On Wed, 16 Jun 2021 at 20:15, Thomas Martitz kugel@rockbox.org wrote:
Am 16.06.21 um 11:30 schrieb Lex Trotman:
Thanks Thomas but unfortunately you have given me even more questions that the Matrix site doesn't answer (that I could find) :-S
There seems to be some misconception. Matrix is a federated protocol. That means that there is no single instance that is the "host" of a #geany matrix channel.
Anyone can open such a channel, and it will propagate to any Matrix server that "owns" clients that participate in the chat, and all of those servers have the entire history.
So how does a server get clients? Or perhaps its more how does a client find a server? If I want to join a channel what do I do? Who runs the servers?
You register your Matrix account on a server of your choice.
Yes, but how do I find a server or servers and how do I choose? With IRC at least all that happened in the background.
matrix.org hosts the reference server but anyone is free to host commercial or personal ones like I do (then called homeserver).
Expecting users to run a server to get support is unreasonable, and I won't run one, so lets keep to what clients can do.
(There is a reference server side that is FOSS and there are a number of competing implementations as well, for example in Rust).
You can register within the clients, for example on https://app.element.io/, and then you can readily join all channels over the world.
And if that server goes away I'm stuffed?
So its like IRC in that all conversations on the #geany channel are mixed together. But unlike IRC the servers maintain the history?
Yes, it's a flat chat. From my past experience with #geany on irc (which is very low traffic) that's good enough.
It is the only reason it might work, but it would still make replying to questions messy and conversations all mixed up.
I only know Rocket.Chat (https://rocket.chat/) that allows for sub-threads in channels.
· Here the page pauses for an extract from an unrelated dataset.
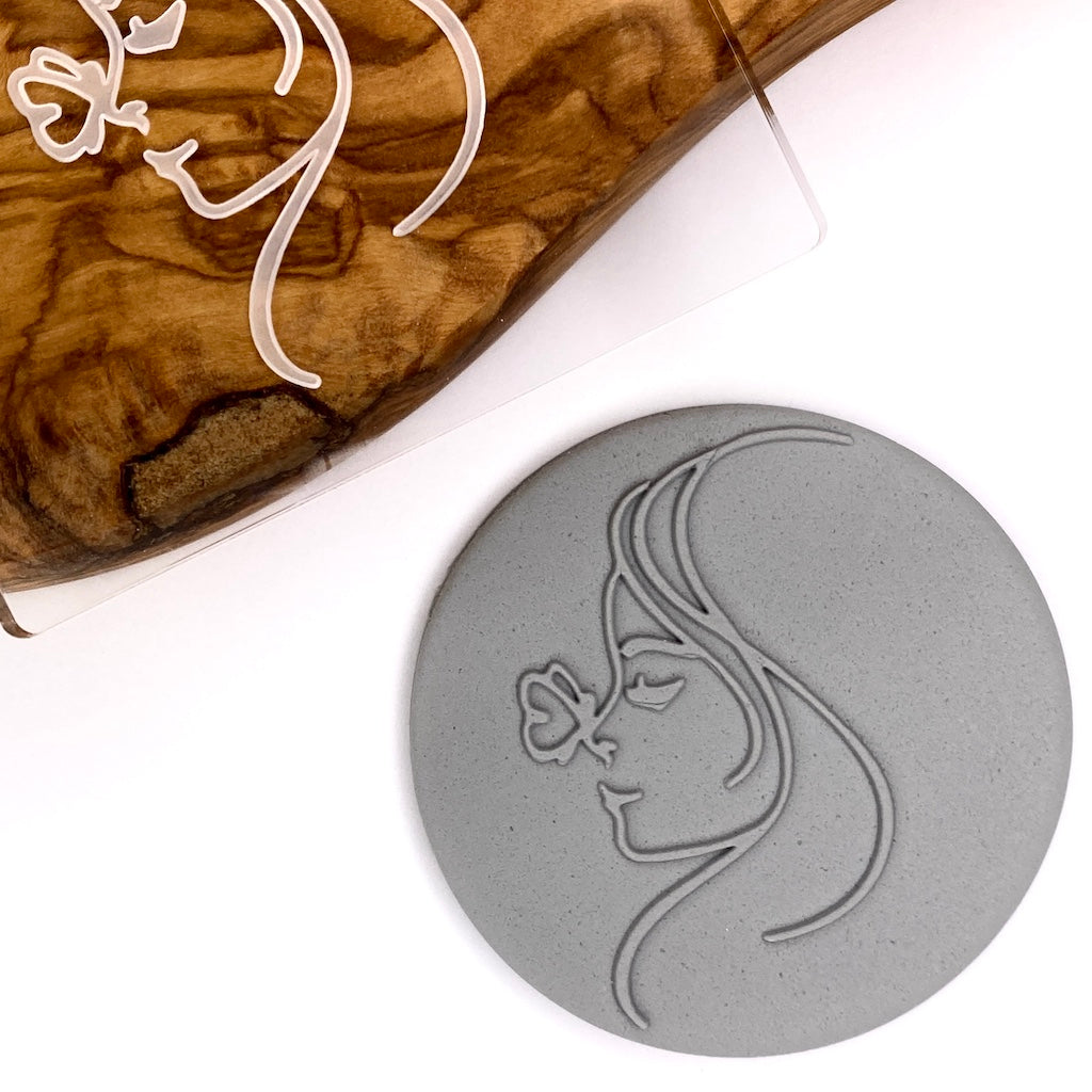 Acrylic Cookie Stamp Debosser - Girl with a Butterfly

We use that at work, and that feature is sometimes nice, but the UI is not great (sub-threads are in a tiny window on the right) so I often want to avoid sub-threads.
Sigh, how often is a useful feature killed by a bad UI :-S
So there is no action required to keep the channel alive, as long as there are participating (even if idle) users.
How does the "federation" handle loss of servers? Are there IRC like net splits? Or does it handle it all better?
When a server goes down then users that have their accounts on that server cannot participate anymore. Other users are not affected. When the server comes back online it fetches the missing history of what happend during the downtime.
Which comes back to the question of how to find/choose a server.
Federation is not for load-balancing or redundancy, at least not primarily. It's so that there can multiple servers in the ecosystem to chose from. You might trust server A more than B, or server C could offer better services for a fee.
Essentially it looks to me like its better than IRC in some places and worse in others, but its still chat, and I'm over it for support purposes.
Obviously its ok if people want to run a channel/room/whatever its called as an unofficial support mechanism and probably the Geany website should acknowledge it, but it should be referred to as unofficial by the Geany website.
I'm not at all stuck on Github discussions, except its there, now (admittedly as beta), there are already two entries, we don't have to do anything, and it keeps conversations together. I understand the point of users having to make an account on a techie type site like github, but as I said before, they will have to make one somewhere unless it happens to be something they use already. Same for zulip, same for discourse, same for IRC, same for matrix.
Seems we havn't found a good, free for projects like Geany, simple solution yet, what else is there?